Putting my money where my mouth is tonight.

I have had some saucy things to say about our adopted Calc text. In particular, that it has not been written from a perspective that is empathetic with students’ states of mind.

So tonight we’re proving the area of a circle formula as an introduction to trigonometric substitution. There’s a rabbit-out-of-the-hat moment in which the substitution in question gets introduced:

*x=r•cos (theta)*

I anticipate that this will be a challenging point for students. So we’ll stop there and collect responses to the question, *What does this make you wonder, question or think about?*

Here’s what I anticipate they’ll say:

- Why
*r*? - Why
*cosine*(instead of, say,*sine*)? - Why
*theta*? - Is this like
*u*-substitution?

As always, I am prepared to be schooled.

I know they’ll have ideas I never thought of. Can’t wait to see what they are.

## Post mortem

**Sue** writes in the comments:

I don’t start with the strange substitution. I start with a triangle. For me, the triangle I draw explains the substitution I decide to use. Then it’s all about reasoning, instead of memorizing (?) 3 very strange substitutions.

This is spot on.

Students asked about the theta, they asked about the r. They didn’t make any connection to *u-substitution*. Lots of them worked on triangles. Students thought about vectors in physics and they thought about the unit circle.
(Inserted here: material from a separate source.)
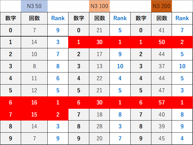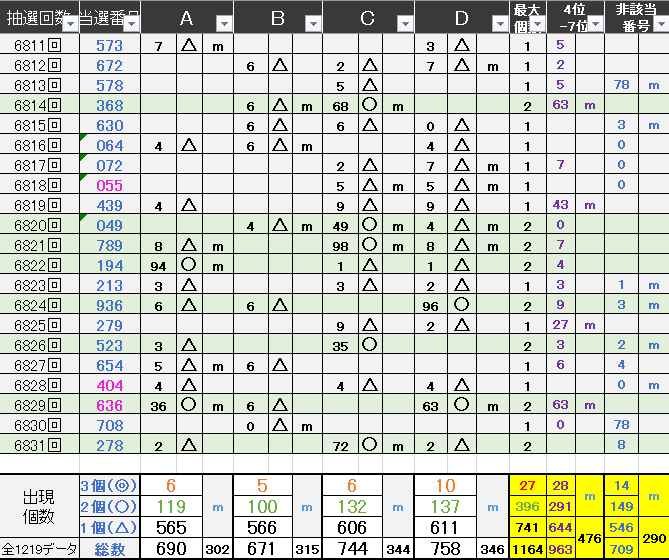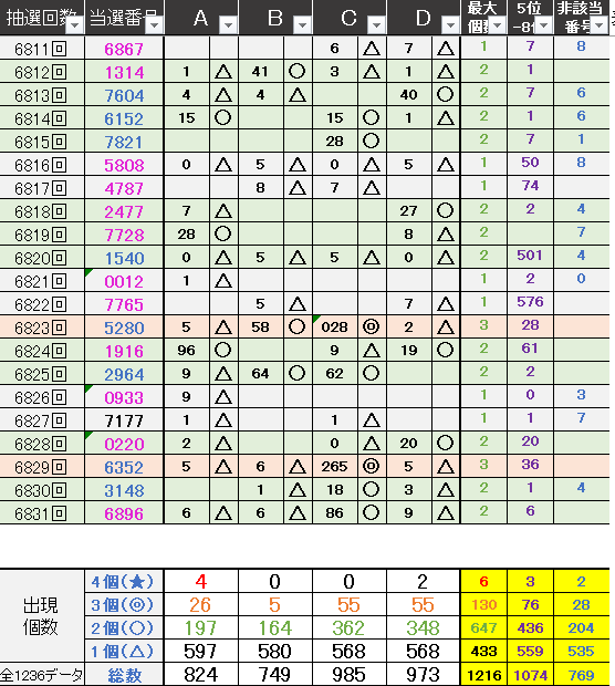 過去どの数字が絡んでいるかの統計数

In contrast with Sue’s suggestion, and in contrast with where my students’ minds were, our text talks about this:

In general, we can make a substitution of the form x=g(t) by using the Substitution Rule in reverse. To make our calculations simpler, we assume that g has an inverse function; that is, g is one-to-one…This kind of substitution is called

inverse substitution.

And the triangle **Sue** suggests? That comes in at the end of the technique as a tool for changing variables back from *theta* to *x*. So we finish with where students’ minds are, but we start with an abstract, backwards version of something they’re not even thinking about to begin with.

And we wonder why students don’t become better problem solvers in their college courses, and why they don’t develop the kinds of critical thinking skills we would like them to. And why students don’t read the textbook. They don’t read the textbook because it’s not speaking to them.